New Museum in Washington Celebrates Craft of Journalism

Newspaper article St Louis Post-Dispatch (MO)

New Museum in Washington Celebrates Craft of Journalism

Article excerpt

JUST AS POLLS report that the public's opinion of the news media is turning ever more sour, a new museum has come along with the stated purpose of celebrating journalists and the work they do.

The Newseum, which opens next Friday in this suburb just over the Potomac River from Washington, bills itself as the first museum devoted to news in all its forms, chronicling the history of journalism from the earliest communications through the banner days of newspapers to the instantaneous, television-driven avalanche of today.

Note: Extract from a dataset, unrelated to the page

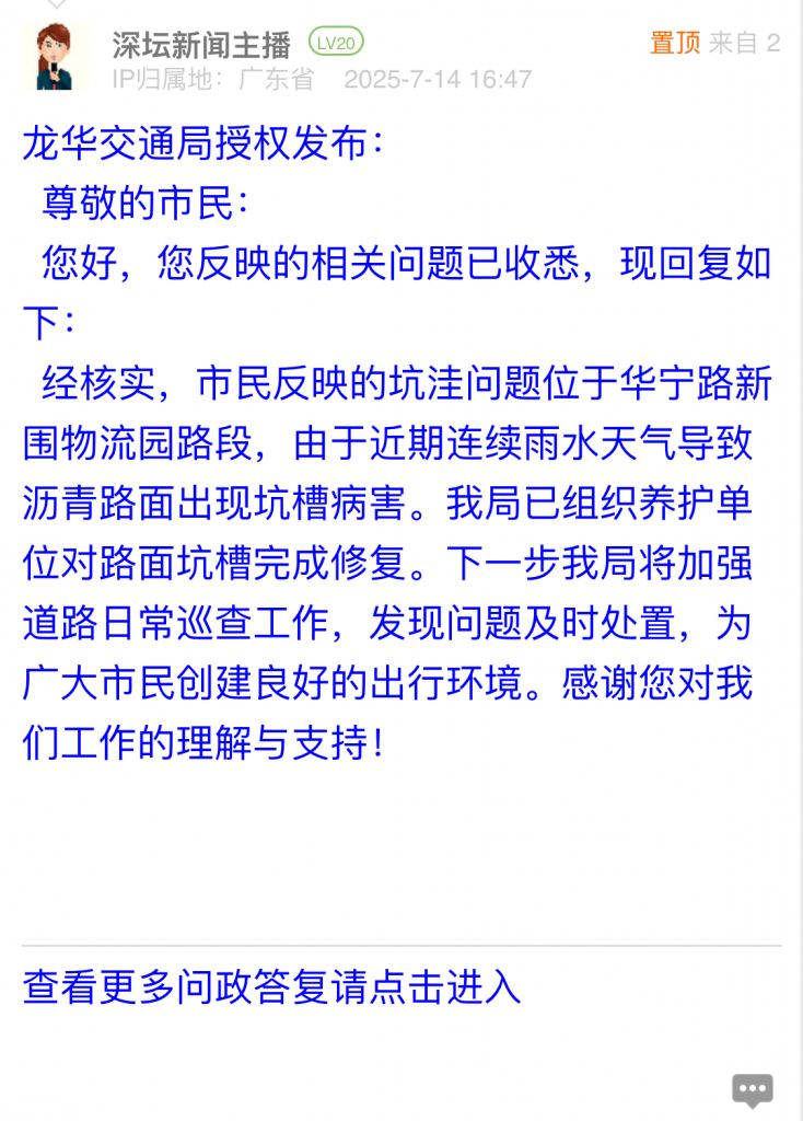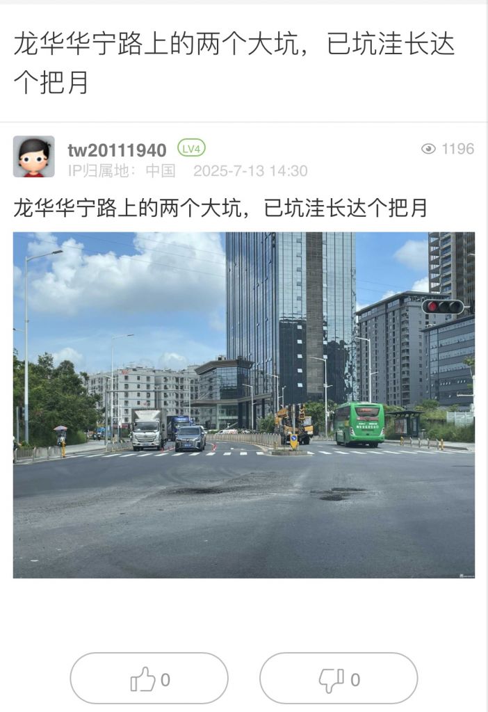 28. 帖文《龍華華寧路上的兩個大坑,已坑洼長達(dá)個把月》

With a working television studio, an enormous video screen showing footage of the day's news and computer terminals allowing visitors to try their hand at reporting a story or making up a front page, the museum also attempts to simulate the occasionally remarkable craft of gathering and presenting the news. The museum was developed and financed by the Freedom Forum, the nonprofit organization devoted to a free press and endowed by the Gannett Company, the publisher of USA Today. It began with a modest idea of showcasing some of the artifacts at the Forum's headquarters in Arlington, but quickly evolved into a $50 million, 72,000-square-foot project designed by Ralph Appelbaum Associates of New York City, the firm that designed the Holocaust Memorial Museum in Washington. "It's an attempt to show the public the depth of journalism there is out there," said the museum's executive director, Peter S. Prichard, who worked from 1988 to 1994 as editor in chief of USA Today. "When I was at U SA Today, people were always interested in the inside story. We give them a lot of that here." It remains to be seen whether a museum will change the minds of anyone who views the media as part of the problem in America today, but the Newseum does not shy away from the debate. For example, it has an exhibit that asks, "Do Tabloids Go Too Far?" There is also a computer room where visitors can make the sort of ethical choices journalists have faced: Should a reporter use anonymous sources to report on wrongdoing by the White House? With galleries on three levels, the museum takes the visitor through the history of news gathering, beginning with a small gallery containing artifacts related to the art of communications, like Sumerian tablets and medieval "newsletters" from Europe. …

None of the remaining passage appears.